What is the “dress code”?

Generally, casual is appropriate.  

What shall I bring?

Check with your host if you can bring something to go with dinner.

Is it OK to cancel after I have accepted an invitation?

Unless sickness or a personal emergency arises, it is impolite to change your mind.  Your hosts may be “trying out” cross-cultural exchange for the first time.  Thus, the cancellation would not make a good impression on them.

What is expected of me in the home?

  • At the dinner table, it is polite to ask for “seconds” – it flatters the cook!  If they ask if you would like seconds (adding any one or more of the available foods to your plate a second time), and you say “no, thank you” (because it is polite in your culture), realize that the host will almost never ask again.  They will not force it. 
  • In American homes, people generally pass the various plates of food to one another.  Each person “helps himself”.  So be ready to pass a dish of food if it is closer to you than to the person who is asking, and also ask to have food passed to you, e.g. “please, pass the potatoes”.
  • You may be asked questions about your culture or where you grew up.
  • Most hosts will appreciate your questions too since people like to talk about themselves (not salary, age, or family difficulty, however).

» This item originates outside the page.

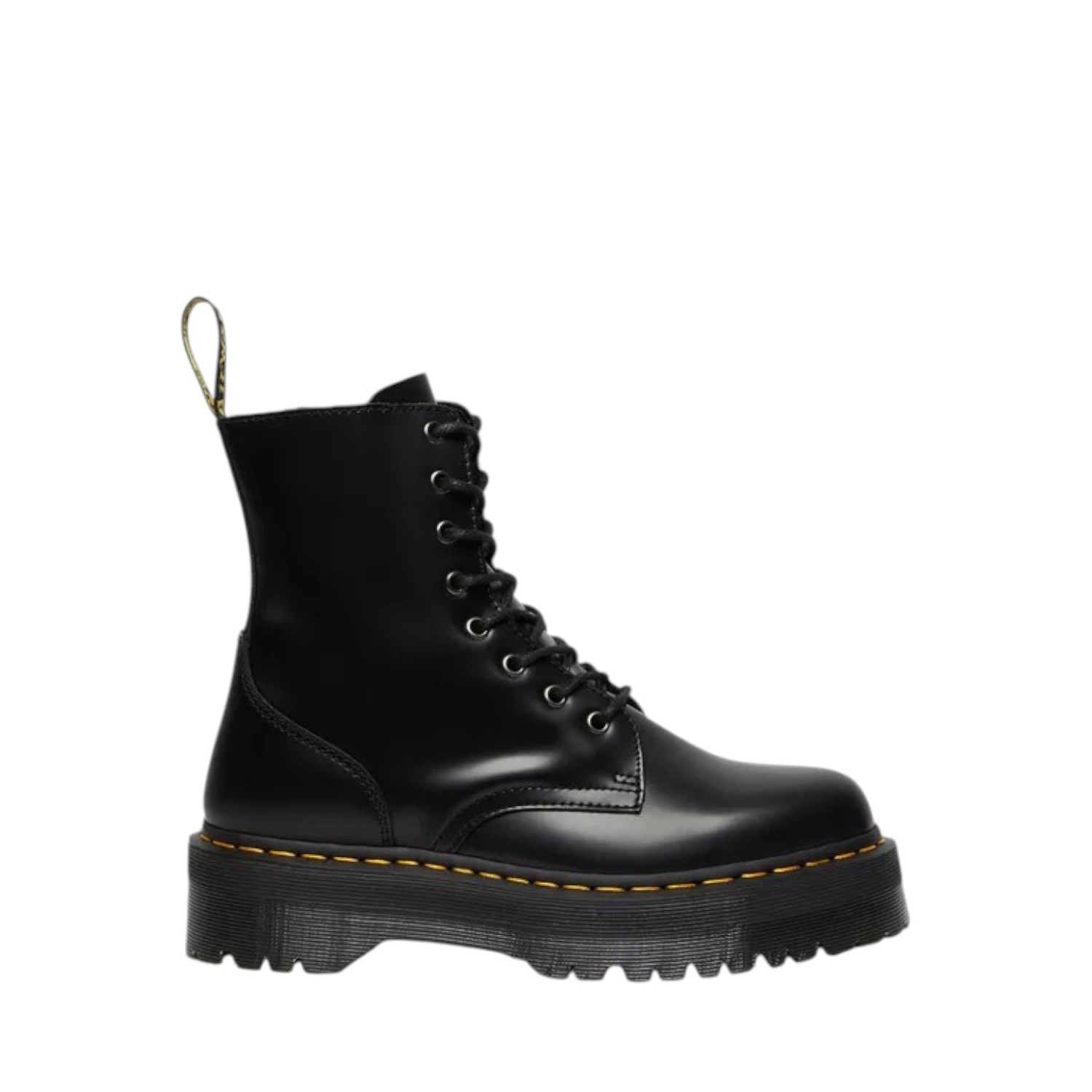 Dr. Martens Black Jadon Smooth Leather Platform Boots. Jadon boot embodies six decades of Dr. Martens DNA: a style that's not afraid to make a statement with its chunky platform sole. Inspired by our 8-eye Original, the Jadon boot is crafted from Polished Smooth leather, which you can buff to a shine or leave to show signs of wear. The signature Quad sole features a grooved pattern and is finished with our signature yellow stitching. The heel features the signature black and yellow tongue. The boot also features a convenient side zip. Whatever your look, be bold.

If you are really brave, try one of these questions with other guests:
    • Tell me about where you grew up and what it was like.
    • What is one important lesson that you have learned in your life?
    • What was the greatest time of joy in your life?
    • Who were/are your favorite relatives? Do you remember any of the stories they used to tell you?
    • What has been your favorite family tradition?

What might I expect of my hosts?

You may meet other family members than just your hosts (e.g. sons, daughters, sisters,  or brothers). Often members of households offer a prayer to God before beginning to eat.  You may listen politely or join in! Don’t be surprised to discover a house pet – a dog or a cat, for example.

Should I offer to help prepare dinner or wash dishes afterward?

Yes, you may politely offer to help. Often your hosts will enjoy talking with you while you work together in the kitchen. This is an easy and informal way to get to know each other better. Many hosts, however, will simply say, “No, thank you,” after you offer help, and you will not be expected to help. Expectations differ significantly between families.

What about seating at the dinner?

It is polite to wait for your host to instruct about seating. If your host has children, they may be very excited about having you sit next to them.